La réunion a tourné court. Face à la colère des riverains, la mairie a affiché un autre ordre du jour (1). Au téléphone, Jean Deroi fait amende honorable : « On a eu de gros soucis de suivi. Il y a eu un manque d’information. Tout ça est factuel. Tout l’objectif maintenant est de reloger les gens selon leurs demandes. » Il regrette toutefois le mode d’action du collectif :
« Je suis preneur de tout échange constructif. Prévoyons des temps d’ateliers avec les riverains, la mairie et des experts, pour avancer sur des sujets très précis, comme quoi faire de tel jardin. Mais arriver en changeant l’ordre du jour avec 60 personnes ça n’est pas constructif. Participer aux plans : oui. Dire “il faut tout refaire” : non. »

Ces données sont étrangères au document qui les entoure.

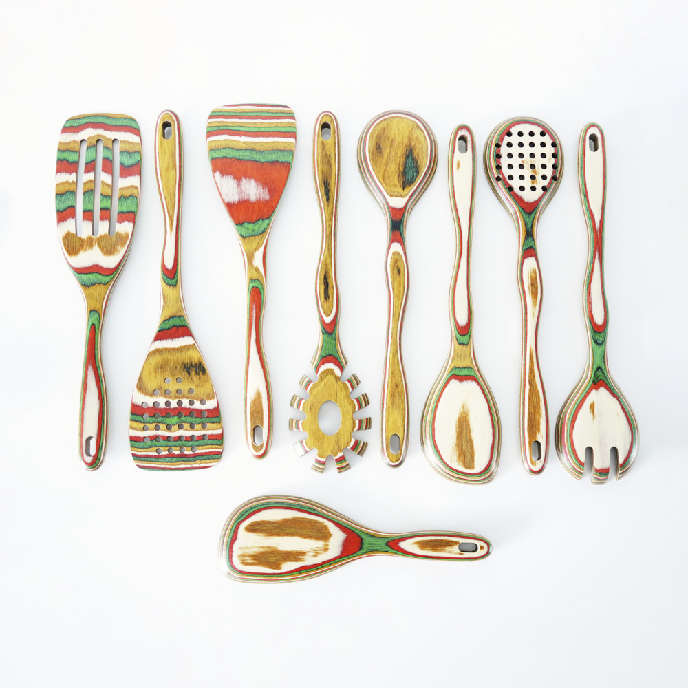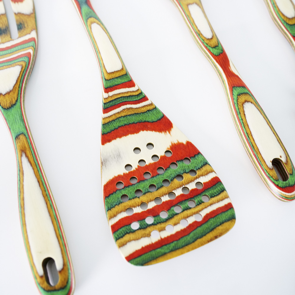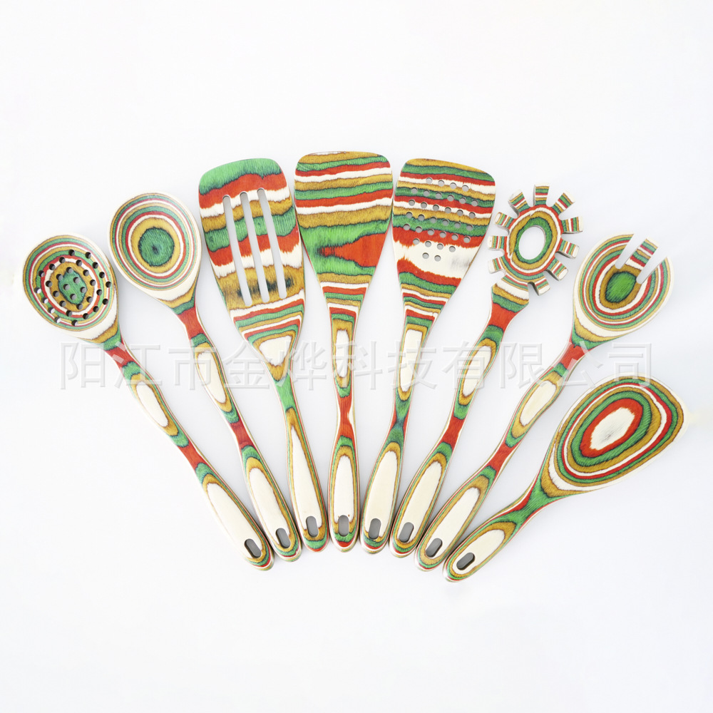 아마존 뜨거운 판매 다채로운 나무 스페이드 스푼 다채로운 나무 주방용품 9 조각 세트 환경 친화적 인 나무 주방용품 창조적 인 디자인 요리 도구스토어 가기

Florian et le collectif, qui ne se sentent pas écoutés, comptent poursuivre leurs actions. « On va réunir tous nos soutiens pour s’organiser et proposer de nouvelles choses. » Comme autrefois, des acteurs de toute la France –architecte, ingénieurs, associations – ont rejoint l’Alma pour leur prêter main-forte. Parmi eux, il y a Antonio et l’Apu. L’urbaniste a travaillé sur différents quartiers touchés par l’Anru. Il raconte la détermination exceptionnelle du collectif, impressionné par son aspect intergénérationnel. « Ces jeunes – qui semblent sortis de nulle part et qui se sont organisés pour leur quartier – sont le résultat des luttes des années 70 », assure-t-il :
« L’Alma n’est pas qu’une histoire plombante. L’utopie de ce grand village a engendré ces enfants, qui ont grandi attachés à leur quartier. Ce collectif réenchante cette histoire. La question maintenant de voir si l’Alma va encore être un marqueur, cette fois dans l’histoire de l’Anru. »
(1) Edit du 17/11.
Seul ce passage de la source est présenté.